Hybrid approach and considerations (Section 2):
- Combines interpretable AI techniques (e.g., LIME conceptually), rule-based systems, and supervised document classification to extract insights. LLMs integrate with rule-based logic to enhance natural language understanding/generation and capture nuanced user interests and goals.
- Key considerations: data quality and preprocessing; domain knowledge for rule design and feature selection; scalability and computational resources; ethical concerns, bias propagation, interpretability challenges, and resource intensity.
Business insight generation data pipeline (Section 3):
- Data preprocessing and normalization: cleaning, integration, transformation, reduction. Rule-based methods ensure consistency and control; LLM-based methods add adaptability and handle unstructured text; trade-offs in resource intensity and predictability.
- Data preprocessor structures: sequential cleaning, integration, transformation, and reduction steps.
- Rule-based vs LLM-based preprocessing: rule-based offers efficiency and determinism; LLM-based offers adaptability, especially for unstructured text.
- Experimental approach: building a data preprocessor via LLM code generation using input-output dataset examples. Steps: define examples; design task framework; use LLM to infer transformations; generate scripts (e.g., Python/SQL); validate/refine; automate/iterate; continuous learning.

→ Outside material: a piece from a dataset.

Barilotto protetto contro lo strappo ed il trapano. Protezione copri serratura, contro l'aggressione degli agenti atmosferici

Business insights extraction (Section 4):
- Hybrid approach: rule-based filters for patterns/anomalies; LLMs add context and deeper interpretation.

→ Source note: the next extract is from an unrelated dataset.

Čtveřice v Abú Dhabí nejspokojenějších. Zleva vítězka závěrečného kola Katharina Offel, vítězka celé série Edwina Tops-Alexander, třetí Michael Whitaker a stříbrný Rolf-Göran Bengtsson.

- Insight categories: general anomalous measurement shifts; dimension-specific anomalies; spikes; all-time highs; top dimensions; dimension comparisons.
Overview of approaches (Section 5):
- Rule-based: high precision, resource efficiency, determinism, interpretability, customizability; challenges with scalability, flexibility, rule complexity, missing nuances, maintenance overhead.
- LLM-based: adaptable, handles unstructured data, rich insights, reduced maintenance; challenges with resources, interpretability, precision on structured tasks, data needs, bias risk, and precise math.
Natural language narrative generation (Section 6):
- Rule-based narratives: precise, efficient, consistent, customizable, deterministic; challenges with scalability, rule development complexity, missing nuance, maintenance, rigidity.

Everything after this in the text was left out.